I agree with everyone else that the task itself isn't a problem - group projects like this can be a great way of developing skills and I think students benefit from some independence. Sometimes being given the opportunity to try things out and risk failure is very valuable.

But if there is a group with a poor dynamic then the children in it might need some help to develop the skills they need. If they are just arguing the whole time then they aren't really learning.

I would ask the teacher if someone can sit with the group and guide them in a conversation about how the project is going and see if they can come up with their own ideas about how to agree (e.g. everyone has 1 minute to put a point across and then they vote or whatever). Just say your DD is getting upset and it seems those students needs some help with the group dynamic or something.

JennyCalendar · 24/06/2014 17:44

Year 9 is a great age for this type of task. They should have done group projects in previous years and by now be making more mature decisions.

I'm sorry your DD is not enjoying it, but it is a good skill to develop. Did they choose their own groups, or were they put into groups? It could be that she is with some forceful personalities, so a word with the teacher could mean that the ring leaders are reminded to encourage all to participate.

As well as teaching at secondary, I also run a girl guide unit. My 10 yr olds work together to make decisions and organise whole events themselves (with our support) so YABU in terms of age being a factor. However YWNBU to have a word with the teacher about how they can help boost DD's confidence in participating.

JohnCusacksWife · 24/06/2014 17:50

Our school do this from Primary 3 onwards! Theybput the kids into groups without teacher supervision and give them tasks to do - a presentation, a report etc. it's up to them to work out how to approach it, delegate tasks and how to report back etc. it's sometime challenging for them but they seem to learn pretty quickly how to co-operate with each other for the purpose of the task. So if I've got it right and Year 9 is about age approx 12/13 then I think they should easily be capable of that.

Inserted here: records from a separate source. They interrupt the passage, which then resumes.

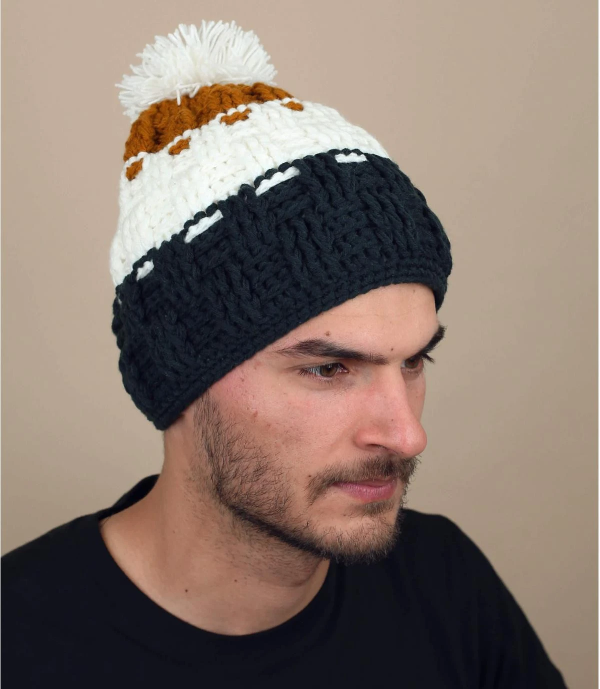 Bonnet pompon pour homme de la marque Capcho. Bonnetavec 3 bandes colorées noire, blanche et curry. Doublure polaire, tricoté à la main au Népal.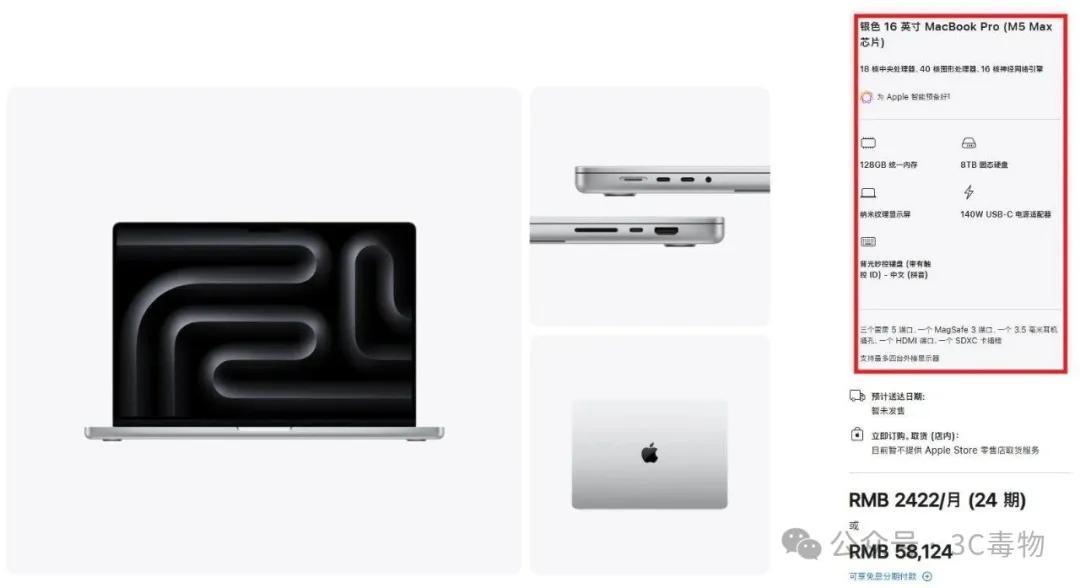毒哥嘗試將MacBook Pro的配置全部拉滿,最終的售價爲58124元。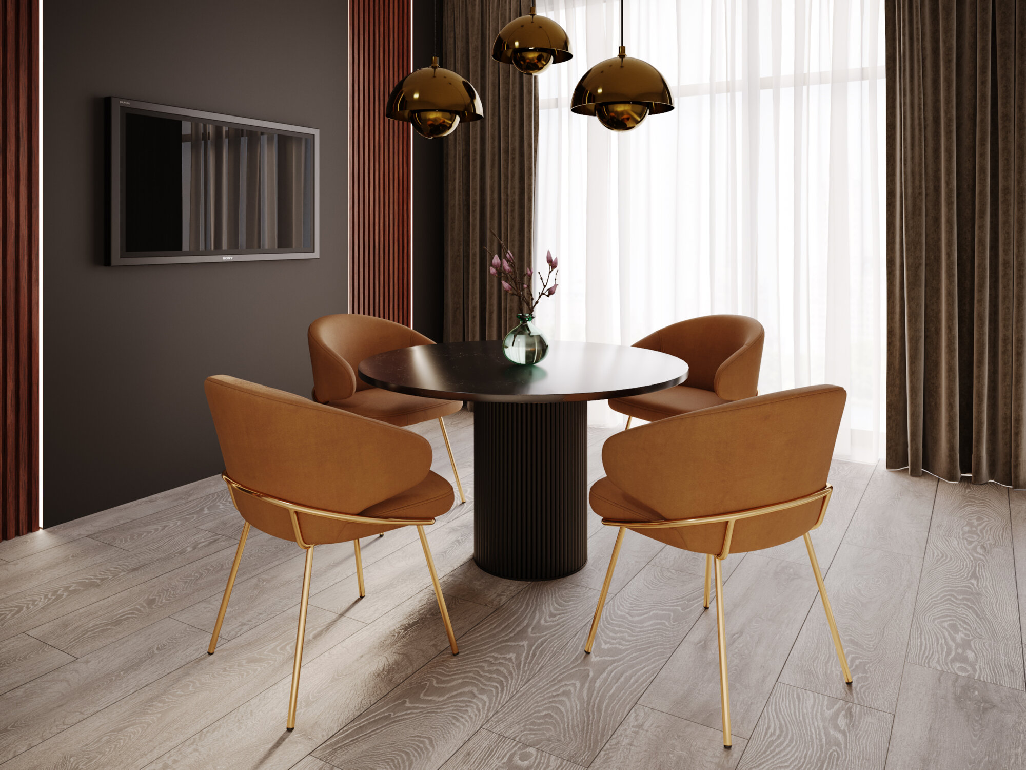 Стул дизайнерский кухонный со спинкой и с подлокотниками Emil горчичный с золотыми ножками обеденный мягкий для гостиной велюр

FunkyBoldRibena · 24/06/2014 17:56

I'd ask 'which teacher is sitting with them being the Margaret/Karen/Nick to keep an eye on the students?'

taxi4ballet · 24/06/2014 18:00

If you end up being put with a group made up of one big-headed bossy-boots and half a dozen others who don't want to know, can't be bothered and couldn't care less, then it is a big ask.

PassTheCakeitsbeenatough1 · 24/06/2014 18:21

Its a great exercise - when it's managed properly, if there are students feeling like your DD feels then it's not being managed properly.

Speak to school, it could be that the teacher isn't aware of how your DD feels. Absolutely terrible if the teacher hasn't realised, but it needs addressing. I hope your DD gets some enjoyment from the project soon.

TeenAndTween · 24/06/2014 18:24

DD1's school do this in y10, with adults mentoring 1 or 2 teams each helping keep them on track. The winning 2 teams out of 20 then get to put their ideas into practice - and keep the profits!